Of course, while many people agree that the minimum wage needs to be higher, that still leaves the question of how high it should be. Unfortunately, we don’t have an easily accessible answer to that question. By looking at the available research on the minimum wage and its strength over the years, we can weigh the relative merits of specific proposals.
A wide body of research has found that raising the minimum wage has a very small to zero effect on employment. If you accept this characterization of the research, then we can say that minimum wage increases in the range that the United States has seen in recent decades don’t decrease employment. The trouble, however, is taking that research and applying it to potential minimum wage increases that would be outside the range of previous hikes. For example, raising the current federal minimum wage from $7.25 to $15—more than doubling it—would be significantly larger than prior increases.

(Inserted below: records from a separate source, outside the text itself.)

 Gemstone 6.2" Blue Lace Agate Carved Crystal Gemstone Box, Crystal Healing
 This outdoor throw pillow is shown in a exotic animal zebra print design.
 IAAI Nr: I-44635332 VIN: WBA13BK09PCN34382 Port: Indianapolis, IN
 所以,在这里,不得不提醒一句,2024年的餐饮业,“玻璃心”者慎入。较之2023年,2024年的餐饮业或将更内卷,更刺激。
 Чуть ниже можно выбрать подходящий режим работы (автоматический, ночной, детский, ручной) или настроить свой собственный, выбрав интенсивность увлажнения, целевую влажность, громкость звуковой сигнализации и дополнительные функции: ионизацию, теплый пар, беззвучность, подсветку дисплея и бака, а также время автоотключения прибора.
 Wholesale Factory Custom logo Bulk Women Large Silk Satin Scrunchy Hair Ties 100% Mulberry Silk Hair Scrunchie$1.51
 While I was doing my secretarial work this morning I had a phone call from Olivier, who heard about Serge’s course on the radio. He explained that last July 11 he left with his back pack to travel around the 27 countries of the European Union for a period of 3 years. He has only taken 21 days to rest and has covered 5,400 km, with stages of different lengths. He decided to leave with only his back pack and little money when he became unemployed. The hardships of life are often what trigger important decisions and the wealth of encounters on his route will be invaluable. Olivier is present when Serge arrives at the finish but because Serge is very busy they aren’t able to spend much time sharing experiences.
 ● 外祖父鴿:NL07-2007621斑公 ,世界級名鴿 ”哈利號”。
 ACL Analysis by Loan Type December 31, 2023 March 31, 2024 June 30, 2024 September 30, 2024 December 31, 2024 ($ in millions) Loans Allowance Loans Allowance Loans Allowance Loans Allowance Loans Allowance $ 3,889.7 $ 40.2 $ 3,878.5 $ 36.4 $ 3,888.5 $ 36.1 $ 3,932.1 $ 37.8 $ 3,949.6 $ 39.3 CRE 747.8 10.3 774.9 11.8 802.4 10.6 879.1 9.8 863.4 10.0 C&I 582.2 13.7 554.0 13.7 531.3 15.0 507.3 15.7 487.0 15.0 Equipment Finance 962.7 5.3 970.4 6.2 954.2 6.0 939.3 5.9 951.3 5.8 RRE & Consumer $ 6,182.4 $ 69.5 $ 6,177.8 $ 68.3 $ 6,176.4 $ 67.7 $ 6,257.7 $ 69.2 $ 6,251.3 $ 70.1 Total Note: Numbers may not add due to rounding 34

What metrics should we look at, then, to consider the strength and potential impact of the minimum wage? One approach is to look at the relative “bite” of the minimum wage by comparing it to the median wage. The ratio of the minimum wage to the median wage should show how far into the wage distribution the minimum wage is binding.
Equitable Growth’s Ben Zipperer and David Evans helpfully built an interactive map that shows the relative strength of the minimum wage across the 50 states from 1979 to 2013. If you play around with the map, you can see that the bite of the minimum wage has fallen considerably since the late ‘70s. At the national level, the minimum wage was 51 percent of the median in 1979, but fell to 39 percent by 2013. The highest bite in their data was in Arkansas—the state with the lowest median wage—in 1979, when the minimum wage was 67 percent of the median wage.
With this metric in mind, let’s do some back-of-the-envelope analysis comparing two popular proposals for the minimum wage: $12 and $15. Let’s also make two assumptions: First, the new minimum wage is phased in so that it isn’t in full effect until 2020. Secondly, the nominal median wage for the country and the states grows at 2.5 percent a year, the U.S. average from 2003 to 2013.
With those assumptions, a $12 minimum wage in 2020 would be 53 percent of the median wage. That’s a few percentage points above its national level in 1979 and very similar to what the bite was in 1968, when the U.S. minimum wage was at its highest point. Internationally, a $12 minimum in the US would be comparable to the current bite of Australia. Arkansas would see the bite of its median wage rise to 63 percent, below its peak back in 1979.
A $15 minimum wage would have a much stronger bite, with the ratio of the minimum wage to the median wage rising to 66 percent. That would give the U.S. economy a stronger minimum wage than France, which currently has one of the highest minimum wages among the Organisation for Economic Co-operation and Development nations.
It’s worth repeating that these numbers are from a back-of-the-envelope calculation, and are sensitive to assumptions about nominal wage growth. But it’s important to take a look at historical and comparative data when the research is uncertain.